§ **Provided material**
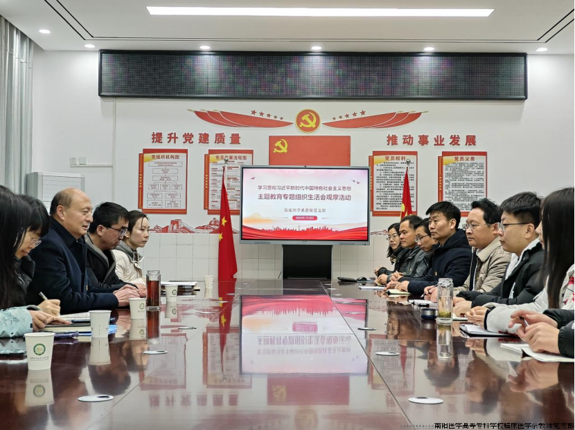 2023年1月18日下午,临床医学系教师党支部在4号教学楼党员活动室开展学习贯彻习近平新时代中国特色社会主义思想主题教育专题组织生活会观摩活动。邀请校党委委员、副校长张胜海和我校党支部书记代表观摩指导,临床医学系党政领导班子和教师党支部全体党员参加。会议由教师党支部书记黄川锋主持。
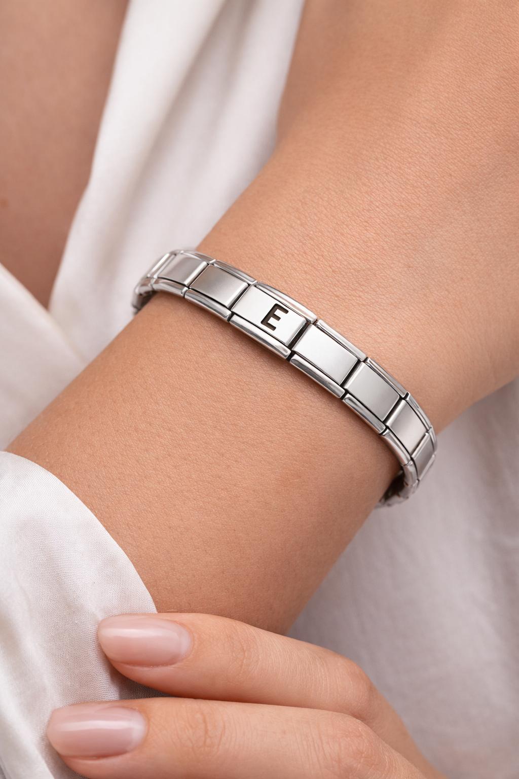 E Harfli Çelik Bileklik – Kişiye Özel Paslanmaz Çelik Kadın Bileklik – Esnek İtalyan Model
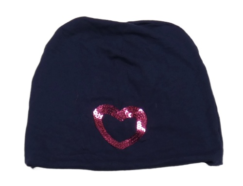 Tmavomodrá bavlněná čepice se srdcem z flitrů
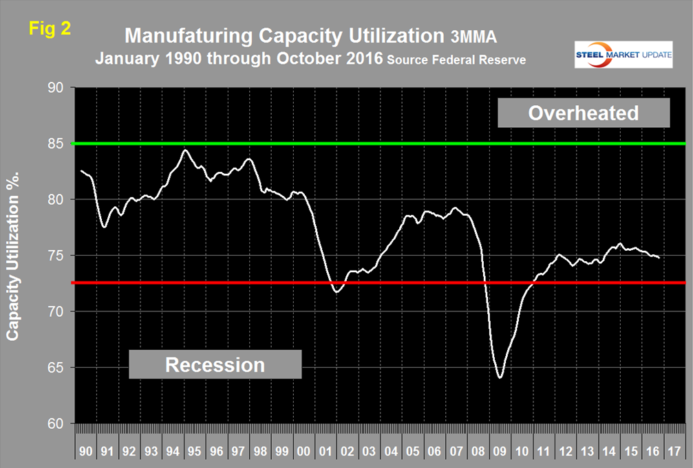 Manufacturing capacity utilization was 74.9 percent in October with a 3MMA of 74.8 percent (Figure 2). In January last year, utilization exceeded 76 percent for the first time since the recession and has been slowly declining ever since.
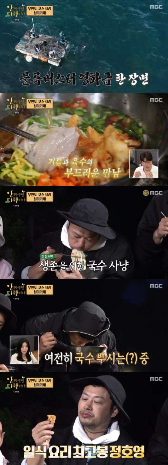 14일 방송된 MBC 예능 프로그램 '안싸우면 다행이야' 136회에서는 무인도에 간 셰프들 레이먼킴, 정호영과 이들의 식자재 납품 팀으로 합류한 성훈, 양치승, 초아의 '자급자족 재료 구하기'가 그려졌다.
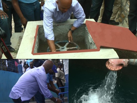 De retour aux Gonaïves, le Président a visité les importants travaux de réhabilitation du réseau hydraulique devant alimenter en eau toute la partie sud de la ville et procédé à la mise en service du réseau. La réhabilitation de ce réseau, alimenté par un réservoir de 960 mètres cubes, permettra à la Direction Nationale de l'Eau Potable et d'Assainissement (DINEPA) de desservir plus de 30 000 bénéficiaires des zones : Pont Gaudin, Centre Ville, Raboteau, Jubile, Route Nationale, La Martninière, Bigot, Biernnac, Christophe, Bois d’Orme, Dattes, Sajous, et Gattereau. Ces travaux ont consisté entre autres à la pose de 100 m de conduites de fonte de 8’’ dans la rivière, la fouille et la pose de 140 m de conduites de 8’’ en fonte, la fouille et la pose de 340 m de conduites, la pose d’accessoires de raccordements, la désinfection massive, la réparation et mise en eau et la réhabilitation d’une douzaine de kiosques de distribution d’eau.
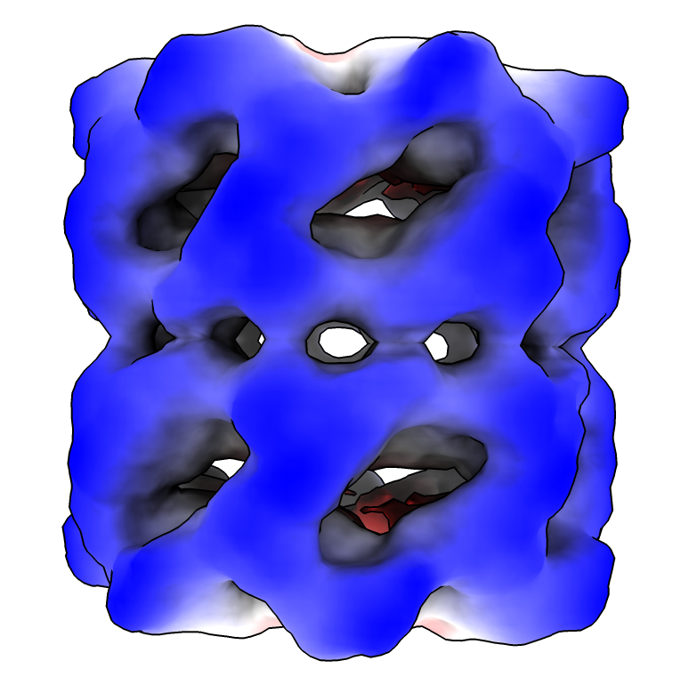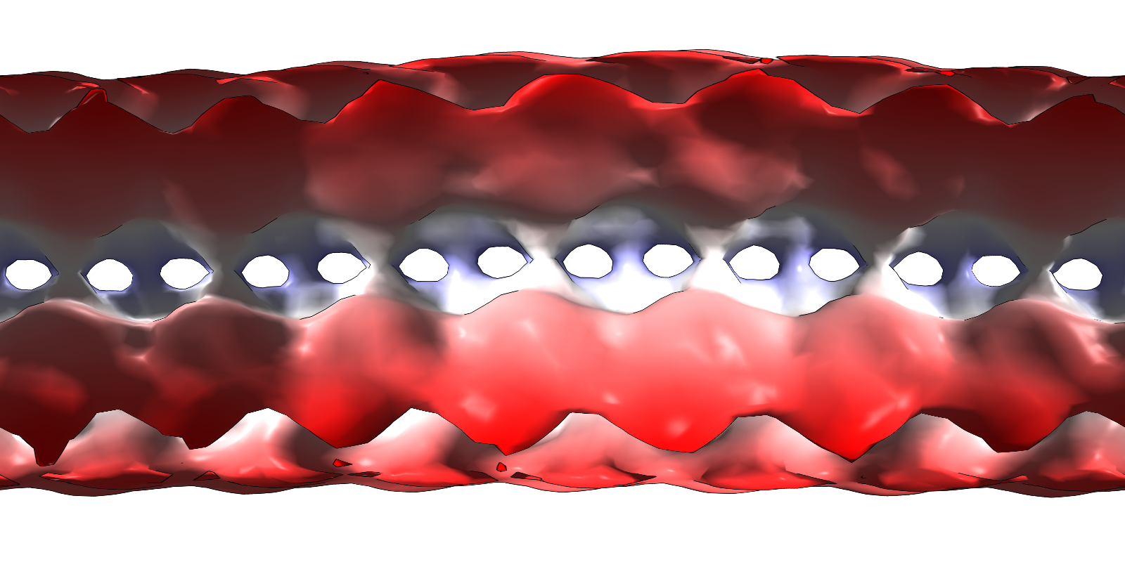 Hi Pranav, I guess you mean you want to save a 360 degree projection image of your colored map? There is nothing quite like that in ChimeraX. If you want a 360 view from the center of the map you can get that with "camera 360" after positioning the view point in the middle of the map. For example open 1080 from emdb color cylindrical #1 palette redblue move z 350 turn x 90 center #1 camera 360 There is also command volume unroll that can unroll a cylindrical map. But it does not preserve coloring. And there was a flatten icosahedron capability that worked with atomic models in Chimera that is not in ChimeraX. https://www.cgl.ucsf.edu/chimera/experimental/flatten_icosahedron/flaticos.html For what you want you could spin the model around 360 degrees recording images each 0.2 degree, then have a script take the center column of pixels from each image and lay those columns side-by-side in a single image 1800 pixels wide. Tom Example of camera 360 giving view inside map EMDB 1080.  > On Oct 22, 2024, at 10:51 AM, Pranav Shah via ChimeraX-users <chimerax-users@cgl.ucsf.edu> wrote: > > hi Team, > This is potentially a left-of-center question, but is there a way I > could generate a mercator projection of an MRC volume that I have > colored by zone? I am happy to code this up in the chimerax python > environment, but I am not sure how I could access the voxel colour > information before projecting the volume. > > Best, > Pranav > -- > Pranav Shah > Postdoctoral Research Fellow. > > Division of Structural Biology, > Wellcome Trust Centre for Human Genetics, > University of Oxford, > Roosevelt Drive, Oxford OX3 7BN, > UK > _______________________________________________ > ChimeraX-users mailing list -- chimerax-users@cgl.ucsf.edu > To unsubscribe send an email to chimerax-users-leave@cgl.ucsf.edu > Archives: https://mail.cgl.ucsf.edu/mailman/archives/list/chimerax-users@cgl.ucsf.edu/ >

...

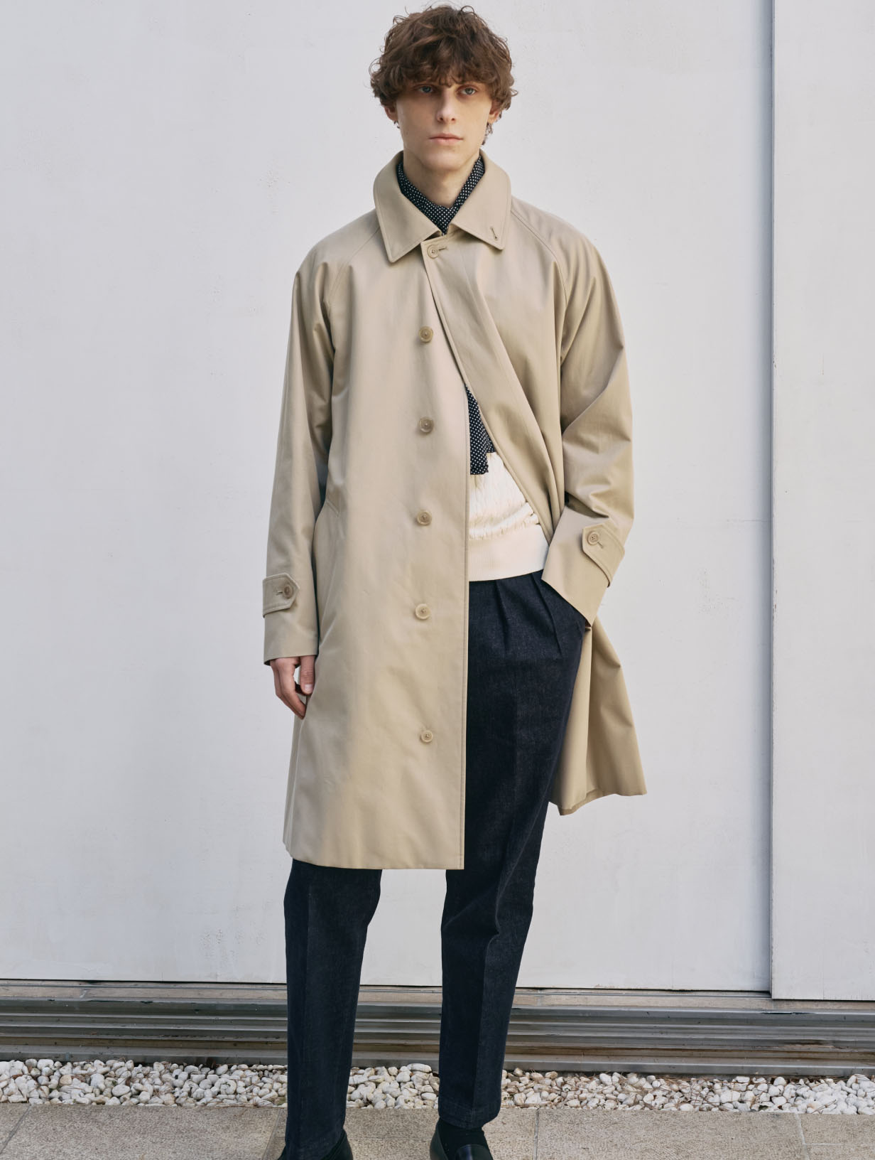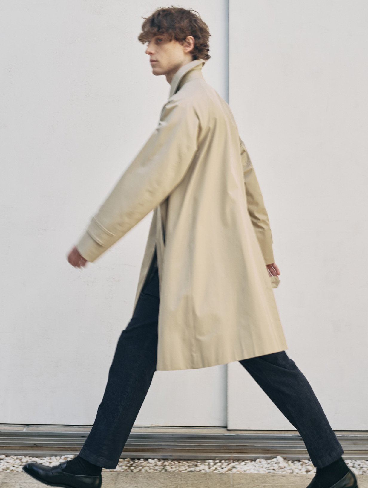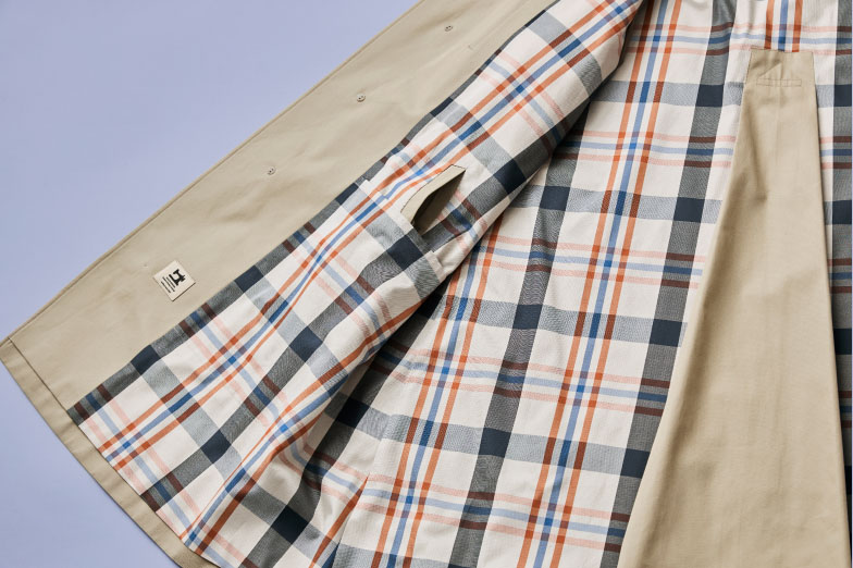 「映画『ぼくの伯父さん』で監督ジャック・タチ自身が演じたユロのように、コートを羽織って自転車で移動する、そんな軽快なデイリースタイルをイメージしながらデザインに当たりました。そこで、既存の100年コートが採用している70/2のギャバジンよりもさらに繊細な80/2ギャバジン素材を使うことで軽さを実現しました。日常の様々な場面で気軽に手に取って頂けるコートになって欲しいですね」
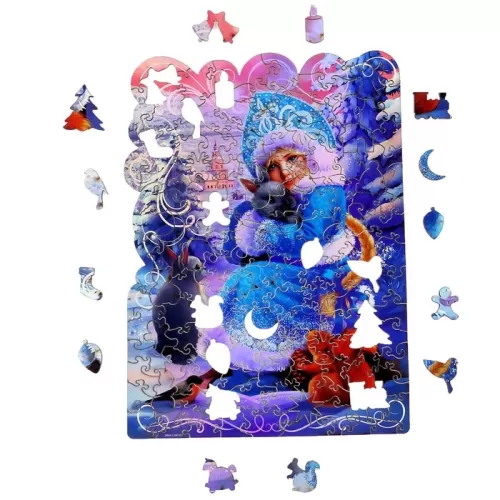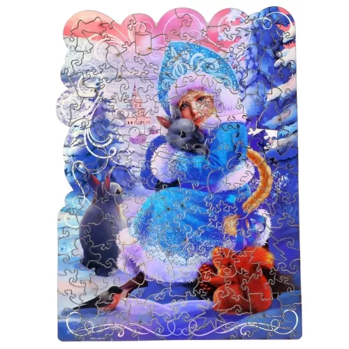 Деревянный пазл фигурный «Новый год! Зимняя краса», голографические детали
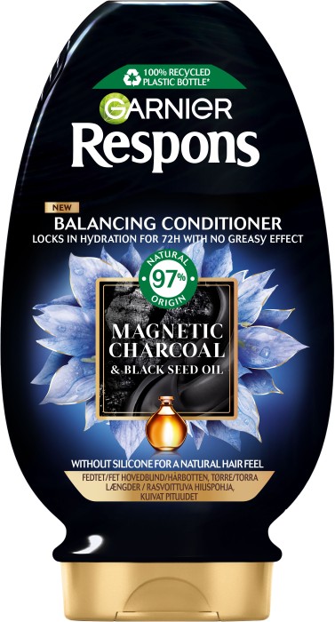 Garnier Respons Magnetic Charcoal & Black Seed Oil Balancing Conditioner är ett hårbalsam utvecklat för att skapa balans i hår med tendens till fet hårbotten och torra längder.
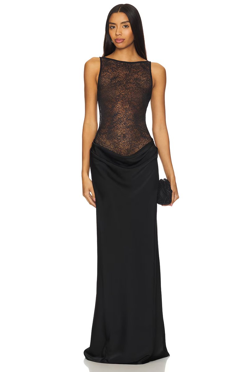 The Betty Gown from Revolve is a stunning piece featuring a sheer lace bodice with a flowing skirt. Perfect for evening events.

...

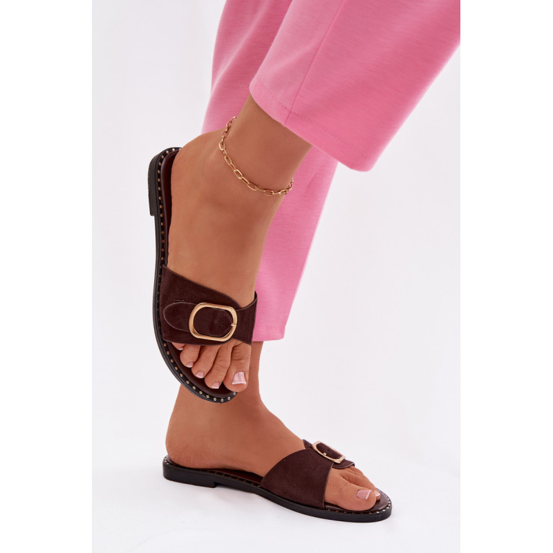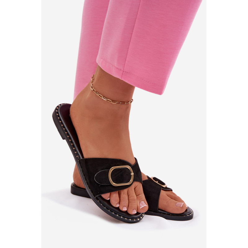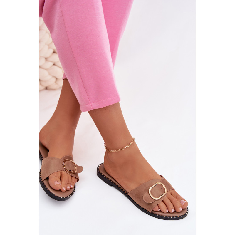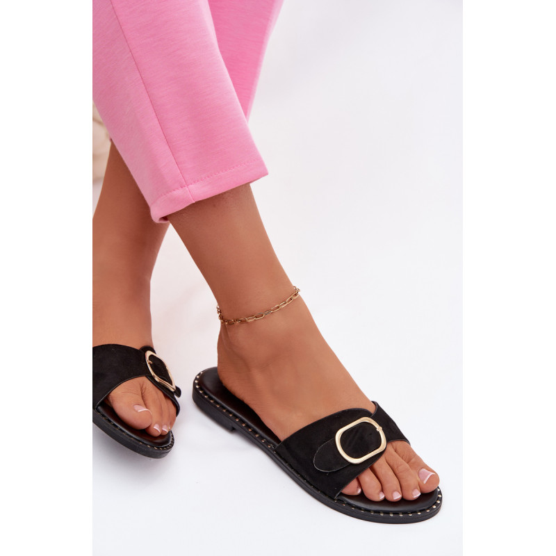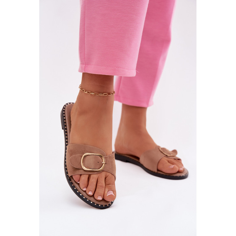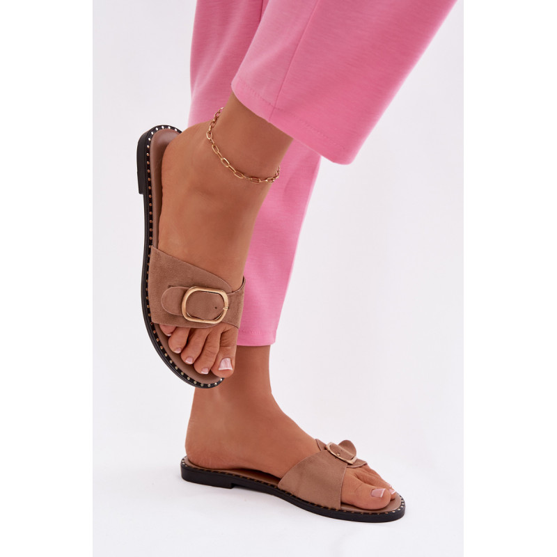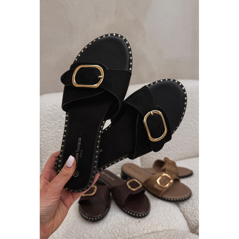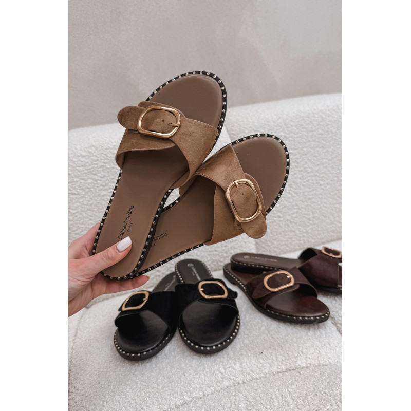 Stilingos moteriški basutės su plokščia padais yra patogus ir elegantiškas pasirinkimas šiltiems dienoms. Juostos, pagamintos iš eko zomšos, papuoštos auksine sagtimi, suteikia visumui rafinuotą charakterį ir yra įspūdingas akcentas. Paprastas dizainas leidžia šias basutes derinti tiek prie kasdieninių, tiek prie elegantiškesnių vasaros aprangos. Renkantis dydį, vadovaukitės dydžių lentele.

§ **What you have to do**
Look above for the line with "2023年1月18日下午,临", then print it and each line after it down to and including the line with "De retour aux". Leave out the pictures and keep the wording exact.

§ **Expected answer**
 2023年1月18日下午,临床医学系教师党支部在4号教学楼党员活动室开展学习贯彻习近平新时代中国特色社会主义思想主题教育专题组织生活会观摩活动。邀请校党委委员、副校长张胜海和我校党支部书记代表观摩指导,临床医学系党政领导班子和教师党支部全体党员参加。会议由教师党支部书记黄川锋主持。
 E Harfli Çelik Bileklik – Kişiye Özel Paslanmaz Çelik Kadın Bileklik – Esnek İtalyan Model
 Tmavomodrá bavlněná čepice se srdcem z flitrů
 Manufacturing capacity utilization was 74.9 percent in October with a 3MMA of 74.8 percent (Figure 2). In January last year, utilization exceeded 76 percent for the first time since the recession and has been slowly declining ever since.
 14일 방송된 MBC 예능 프로그램 '안싸우면 다행이야' 136회에서는 무인도에 간 셰프들 레이먼킴, 정호영과 이들의 식자재 납품 팀으로 합류한 성훈, 양치승, 초아의 '자급자족 재료 구하기'가 그려졌다.
 De retour aux Gonaïves, le Président a visité les importants travaux de réhabilitation du réseau hydraulique devant alimenter en eau toute la partie sud de la ville et procédé à la mise en service du réseau. La réhabilitation de ce réseau, alimenté par un réservoir de 960 mètres cubes, permettra à la Direction Nationale de l'Eau Potable et d'Assainissement (DINEPA) de desservir plus de 30 000 bénéficiaires des zones : Pont Gaudin, Centre Ville, Raboteau, Jubile, Route Nationale, La Martninière, Bigot, Biernnac, Christophe, Bois d’Orme, Dattes, Sajous, et Gattereau. Ces travaux ont consisté entre autres à la pose de 100 m de conduites de fonte de 8’’ dans la rivière, la fouille et la pose de 140 m de conduites de 8’’ en fonte, la fouille et la pose de 340 m de conduites, la pose d’accessoires de raccordements, la désinfection massive, la réparation et mise en eau et la réhabilitation d’une douzaine de kiosques de distribution d’eau.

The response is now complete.